After the movie, my mother said, “That would be a horrible way to find out. I would want to know before he died so that I could love and accept him for who he really is.” And in that moment I knew I could tell her. 


A week later, I was wrapping up my last play as a high school actor. I was in mid costume change when it hit me. I had to tell her that night. She had to know before I left for college and the sooner I told her, the better. The show I was in was called “Passing Through.” It was about a forty year old woman who falls in love with an eighteen year old soldier. After working the show for four months, the connection between the show and my life was never made – Until closing night that is.

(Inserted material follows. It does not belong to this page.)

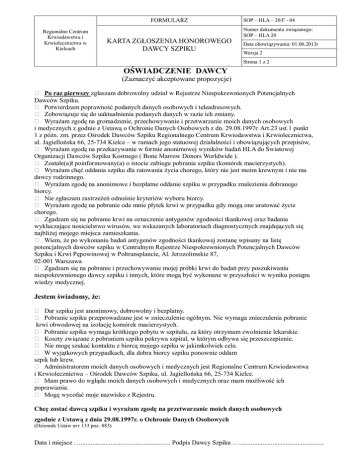 FORMULARZ Regionalne Centrum Krwiodawstwa i Krwiolecznictwa w Kielcach SOP – HLA – 20/F - 04 Numer dokumentu związanego: SOP – HLA 20 KARTA ZGŁOSZENIA HONOROWEGO DAWCY SZPIKU Data obowiązywania: 01.06.2013r Wersja 2 Strona 1 z 2 OŚWIADCZENIE DAWCY (Zaznaczyć akceptowane propozycje) Po raz pierwszy zgłaszam dobrowolny udział w Rejestrze Niespokrewnionych Potencjalnych Dawców Szpiku. Potwierdzam poprawność podanych danych osobowych i teleadresowych. Zobowiązuje się do uaktualnienia podanych danych w razie ich zmiany. Wyrażam zgodę na gromadzenie, przechowywanie i przetwarzanie moich danych osobowych i medycznych z godnie z Ustawą o Ochronie Danych Osobowych z dn. 29.08.1997r. Art.23 ust.1 punkt 1 z późn. zm. przez Ośrodek Dawców Szpiku Regionalnego Centrum Krwiodawstwa i Krwiolecznictwa, ul. Jagiellońska 66, 25-734 Kielce – w ramach jego statuowej działalności i obowiązujących przepisów, Wyrażam zgodę na przekazywanie w formie anonimowej wyników badań HLA do Światowej Organizacji Dawców Szpiku Kostnego ( Bone Marrow Donors Worldwide ). Zostałe(a)ł poinformowany(a) o istocie zabiegu pobrania szpiku (komórek macierzystych). Wyrażam chęć oddania szpiku dla ratowania życia chorego, który nie jest moim krewnym i nie ma dawcy rodzinnego. Wyrażam zgodę na anonimowe i bezpłatne oddanie szpiku w przypadku znalezienia dobranego biorcy. Nie zgłaszam zastrzeżeń odnośnie kryteriów wyboru biorcy. Wyrażam zgodę na pobranie ode mnie płytek krwi w przypadku gdy mogą one uratować życie chorego. Zgadzam się na pobranie krwi na oznaczenie antygenów zgodności tkankowej oraz badania wykluczające nosicielstwo wirusów, we wskazanych laboratoriach diagnostycznych znajdujących się najbliżej mojego miejsca zamieszkania. Wiem, że po wykonaniu badań antygenów zgodności tkankowej zostanę wpisany na listę potencjalnych dawców szpiku w Centralnym Rejestrze Niespokrewnionych Potencjalnych Dawców Szpiku i Krwi Pępowinowej w Poltransplancie, Al. Jerozolimskie 87, 02-001 Warszawa Zgadzam się na pobranie i przechowywanie mojej próbki krwi do badań przy poszukiwaniu niespokrewnionego dawcy szpiku i innych, które mogą być wykonane w przyszłości w wyniku postępu wiedzy medycznej. Jestem świadomy, że: Dar szpiku jest anonimowy, dobrowolny i bezpłatny. Pobranie szpiku przeprowadzane jest w znieczuleniu ogólnym. Nie wymaga znieczulenia pobranie krwi obwodowej na izolację komórek macierzystych. Pobranie szpiku wymaga krótkiego pobytu w szpitalu, za który otrzymam zwolnienie lekarskie. Koszty związane z pobraniem szpiku pokrywa szpital, w którym odbywa się przeszczepienie. Nie mogę szukać kontaktu z biorcą mojego szpiku w jakimkolwiek celu. W wyjątkowych przypadkach, dla dobra biorcy szpiku ponownie oddam szpik lub krew. Administratorem moich danych osobowych i medycznych jest Regionalne Centrum Krwiodawstwa i Krwiolecznictwa – Ośrodek Dawców Szpiku, ul. Jagiellońska 66, 25-734 Kielce. Mam prawo do wglądu moich danych osobowych i medycznych oraz mam możliwość ich poprawiania. Mogę wycofać moje nazwisko z Rejestru. Chcę zostać dawcą szpiku i wyrażam zgodę na przetwarzanie moich danych osobowych zgodnie z Ustawą z dnia 29.08.1997r. o Ochronie Danych Osobowych (Dziennik Ustaw nrv 133 poz. 883) Data i miejsce …...................................................... Podpis Dawcy Szpiku …...................................................

The young man had a line that became my personal mantra.

He tells the woman, “The trouble with being scared is you miss half of living.” After he tells her this, she abandons all of her fears about their relationship and decides to tell her friends and family. Now it was my turn to cast off my own fear.

When I walked back into the house my mother was in the living room watching the television, while attempting, unsuccessfully, to paint her toenails a hideous shade of orange. I told her that I had something I needed to tell her but wasn’t sure how to. I asked her if she knew what I was about to say and she said that she didn’t. But she smiled as if to say that she did. So I went straight in for it.

I asked her if she remembered the Lifetime movie we watched about the seaman and what happened to him. And of course she did. Then I asked her if she remembered what she said about finding out while the person was alive. She said that she did, but clearly she was going to make me say it. She sat there with a smile and one eyebrow raised. Waiting.

So I said it flat out, “Mom…I’m alive and I like boys.” I couldn’t bring myself to actually use the word “gay,” but I was sure she understood.

She replied, “Great, now paint my toes and tell him his name.” I told her about my then boyfriend, Garrett, and how we met, and that she had actually already met him, but didn’t know it. My mother is now my best friend and my biggest supporter. She has been with me as I dealt with discrimination, racism, homophobia, two cases of attempted murder and other hate crimes. Never once has she said told me that she was ashamed of me. In fact she has done the opposite – she has always affirmed and believed in me. Not a single day goes by that she doesn’t tell me how proud she is of me for being who I am, and there is not a single day that I am not thankful for that fact.